▸ Recorded information

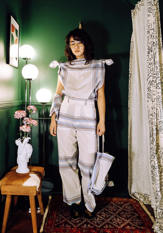 FUMIKA UCHIDA / HANDKERCHIEF BIB TOP / SAX PLAID
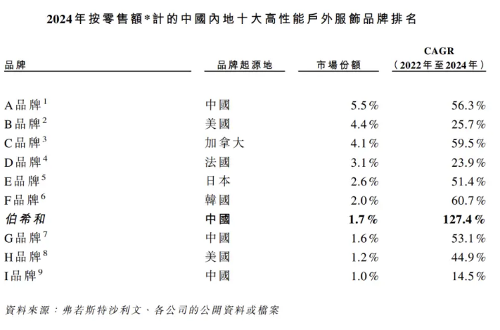 (图源伯希和招股书,媒体推测:A品牌为骆驼,G品牌为凯乐石,I品牌为本司)
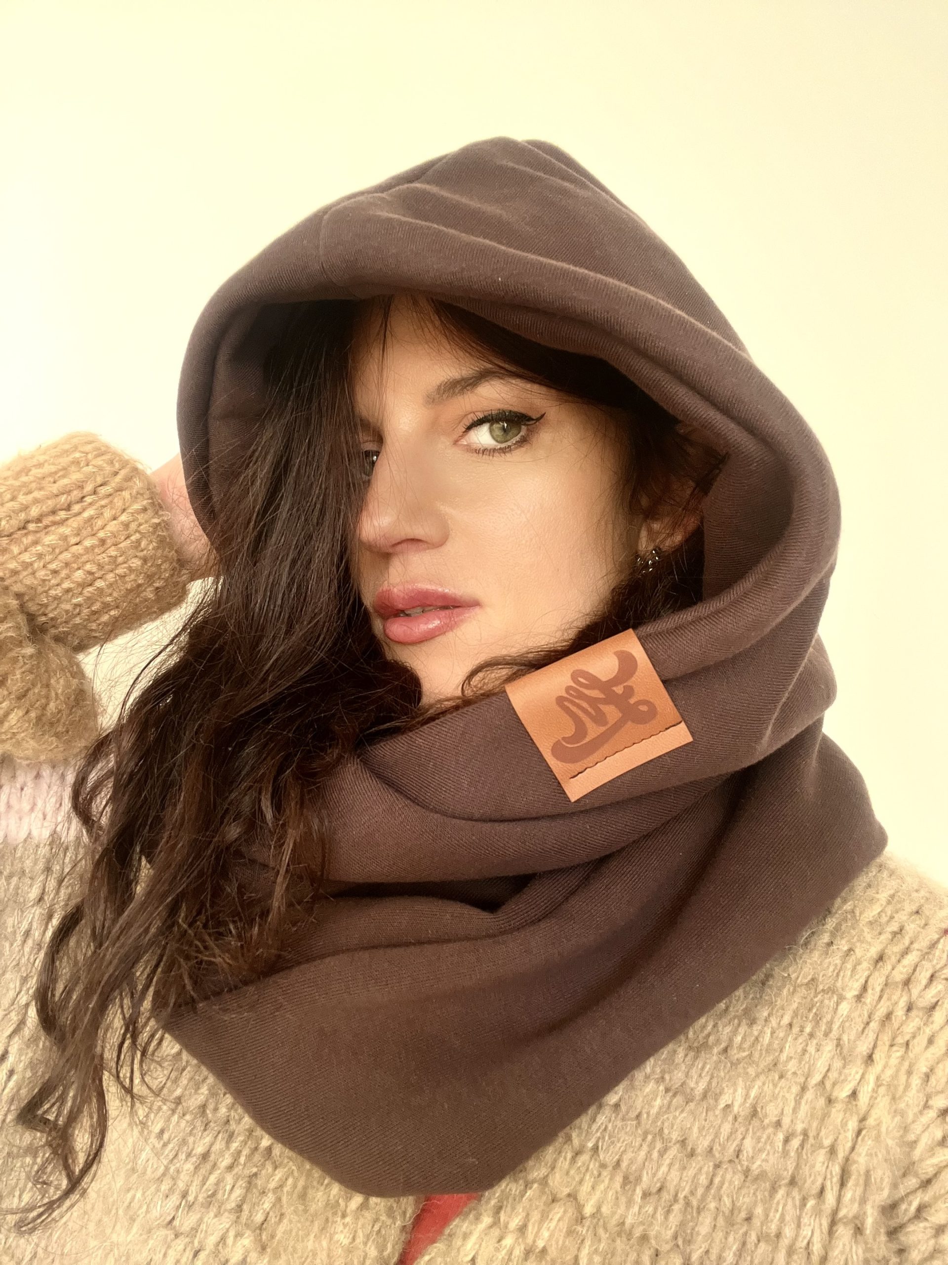 Komin z kapturem brazowy unisex unisex jest uszyty z grubej ocieplanej dzianiny, stanowi cieplutkie okrycie na głowe i szyje , komin przylega szczelnie do szyji dzięki temu jest bardzo ciepły, możesz delikatnie osłonić nim również twarz, niezwykle efektowny i oryginalny pomysł który ożywi każdą stylizację, kaptur po ściągnieciu z głowy służy jako sam komin. Idealny w sezonie zimowym dl;a niej i dla niego. Dzianina i sam produkt powstał w 100% w Polsce.

▸ About this exercise
Give exactly those lines of the listing that run from its first line through the line with "(图源伯希和招股书,媒体推测:A品牌为骆驼,G品牌为凯乐石,I品牌为本司)", leaving each picture out.

▸ Your solution
 FUMIKA UCHIDA / HANDKERCHIEF BIB TOP / SAX PLAID
 (图源伯希和招股书,媒体推测:A品牌为骆驼,G品牌为凯乐石,I品牌为本司)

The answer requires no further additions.